3. ELIGIBILITY FOR OFFICE
Members who are in good standing are eligible for election as Board Executive members, or Directors. Associate Members, Affiliate Members, Honorary Members and Corporate Member representatives are not eligible for positions as Board Executive members, or Directors of MENASASI.
4. VOTING RIGHTS
All members in good standing, except Affiliate Members, Student Members, Honorary Members, and Life Members whose class is Affiliate, or Honorary shall be entitled to vote.

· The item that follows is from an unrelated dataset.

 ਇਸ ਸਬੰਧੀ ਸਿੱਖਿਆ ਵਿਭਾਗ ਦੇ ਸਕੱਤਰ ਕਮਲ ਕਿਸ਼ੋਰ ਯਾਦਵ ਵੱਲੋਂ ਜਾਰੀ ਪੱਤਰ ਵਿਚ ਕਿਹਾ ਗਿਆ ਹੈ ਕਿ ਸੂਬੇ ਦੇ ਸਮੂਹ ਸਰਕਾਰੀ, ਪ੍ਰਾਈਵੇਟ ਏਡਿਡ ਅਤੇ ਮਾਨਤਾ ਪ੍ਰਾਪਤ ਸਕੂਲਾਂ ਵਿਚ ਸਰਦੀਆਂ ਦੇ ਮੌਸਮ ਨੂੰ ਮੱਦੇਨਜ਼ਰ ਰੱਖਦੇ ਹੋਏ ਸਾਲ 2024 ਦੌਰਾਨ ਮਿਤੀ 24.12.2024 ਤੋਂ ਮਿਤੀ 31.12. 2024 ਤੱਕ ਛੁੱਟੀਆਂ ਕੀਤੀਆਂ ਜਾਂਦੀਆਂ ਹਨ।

Delegations authorizing a voting member to vote for an absent member shall be signed and submitted to the Secretary/Treasurer in advance of any meeting.
5. WAIVER OF CLAIM
Any member of MENASASI, who or which ceases to be a member for any cause, shall be deemed expressly to have waived all further right, title and interest of membership, and also expressly to have waived all claims to recover fees or charges paid to ISASI. By application for membership, each member expressly agrees to such waiver of claims.
6. REINSTATEMENT
Any member who has been removed from the MENASASI membership roll for non-payment of dues may be reinstated if reinstated as a member of ISASI in accordance with current ISASI policy.
7. REPRIMAND, SUSPENSION OR EXPULSION
A member of MENASASI shall be subject to reprimand, suspension or expulsion by the Board of Directors for unethical professional behavior contrary to the Code of Ethics and Conduct of ISASI. This shall be accomplished by majority vote of the Board.

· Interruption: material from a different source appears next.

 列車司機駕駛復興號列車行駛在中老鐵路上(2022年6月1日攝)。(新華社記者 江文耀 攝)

ARTICLE IV INITIATION FEES, DUES AND ASSESSMENTS
1. INITIATION FEES
The initiation fee for Members, Associate Members, Affiliate Members and Corporate Members shall be determined by the Board of Directors.
2. DUES
Members of all classes, except Honorary and Life Members, shall pay annual dues on or before the first day of January each year. The annual dues shall be determined by the Board of Directors.
3. ADDITIONAL ASSESSMENT
Additional assessments, if required by unusual circumstances, may be levied by:
- The ISASI International Council.
- MENASASI Board.
4. CONTRIBUTIONS
In addition to the payment of annual dues and assessments, any member may make special contributions or gifts of money or property to MENASASI provided the acceptance of such a gift is approved by the Board.
5. FISCAL YEAR
The fiscal year of MENASASI is the calendar year.
6. COLLECTION OF DUES AND ASSESSMENTS
The International Council has the final responsibility for establishing and maintaining the policy relating to the collection of dues and assessments. However, when such action is desirable, the Council may delegate MENASASI the authority to collect monies owed to ISASI. This authority may be revoked at any time by the Council when such action is considered to be in the best interest of ISASI.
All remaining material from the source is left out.